Your task
Look through the entries below for the line with "WOWQ サイドテーブル スリム" and the line with "Download this chart", then give again exactly those two lines and all lines between them, minus the pictures.

Records for this task
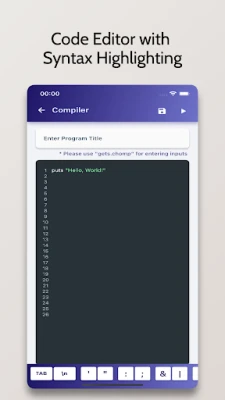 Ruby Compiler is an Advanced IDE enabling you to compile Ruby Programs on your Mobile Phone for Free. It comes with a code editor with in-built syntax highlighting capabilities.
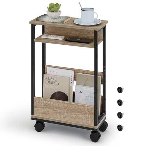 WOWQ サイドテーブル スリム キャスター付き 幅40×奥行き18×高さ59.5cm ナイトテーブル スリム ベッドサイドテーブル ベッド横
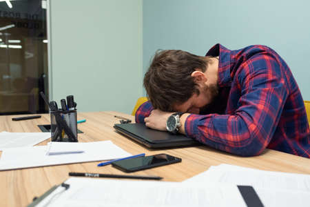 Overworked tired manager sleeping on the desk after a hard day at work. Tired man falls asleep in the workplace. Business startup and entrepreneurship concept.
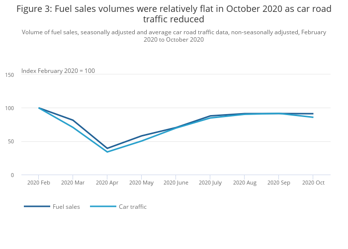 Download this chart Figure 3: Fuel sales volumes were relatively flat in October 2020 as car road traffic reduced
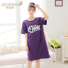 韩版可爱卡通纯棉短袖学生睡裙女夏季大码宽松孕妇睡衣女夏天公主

--

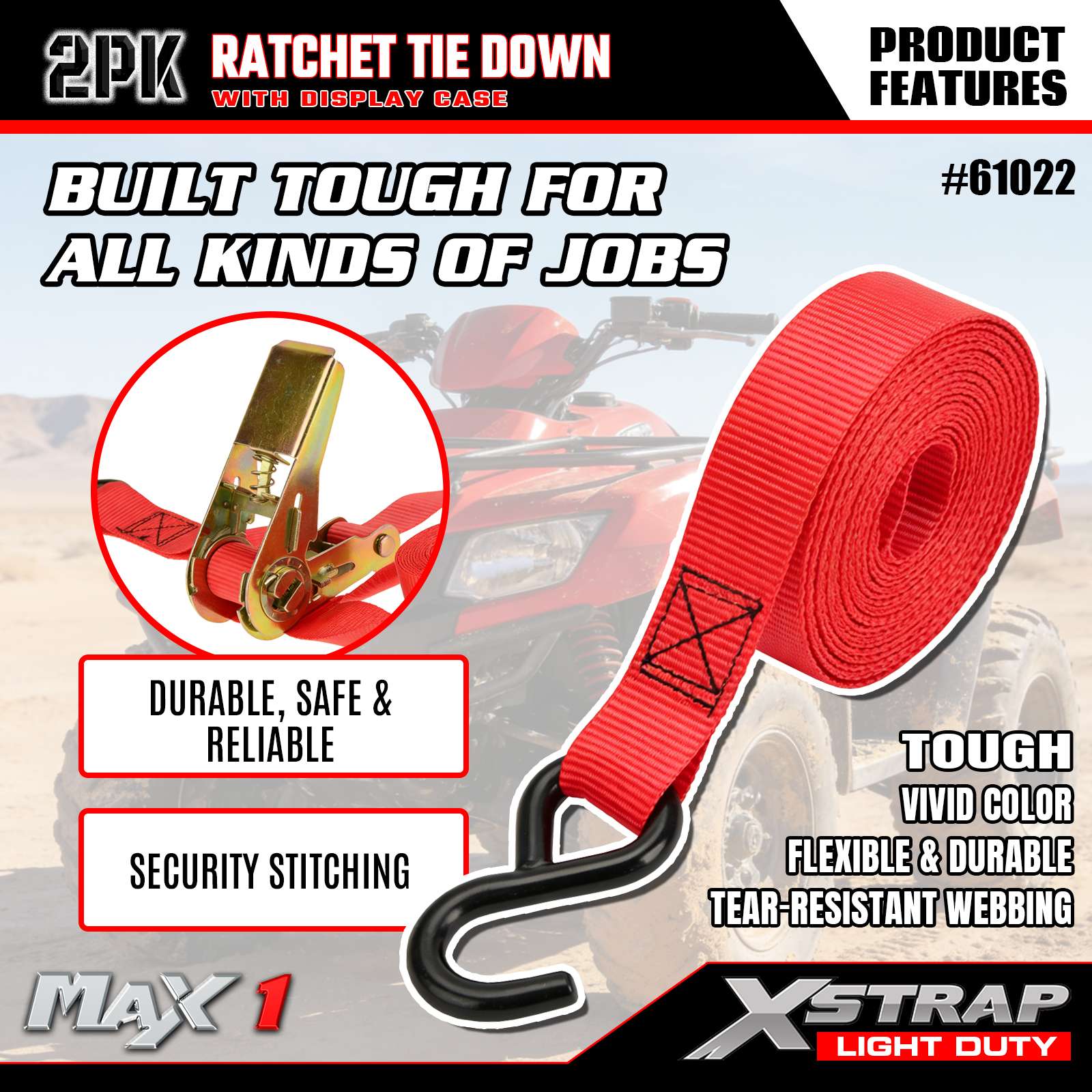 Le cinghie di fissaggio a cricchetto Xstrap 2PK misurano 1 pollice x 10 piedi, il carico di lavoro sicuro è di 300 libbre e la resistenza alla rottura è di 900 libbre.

Result of this exercise
 WOWQ サイドテーブル スリム キャスター付き 幅40×奥行き18×高さ59.5cm ナイトテーブル スリム ベッドサイドテーブル ベッド横
 Overworked tired manager sleeping on the desk after a hard day at work. Tired man falls asleep in the workplace. Business startup and entrepreneurship concept.
 Download this chart Figure 3: Fuel sales volumes were relatively flat in October 2020 as car road traffic reduced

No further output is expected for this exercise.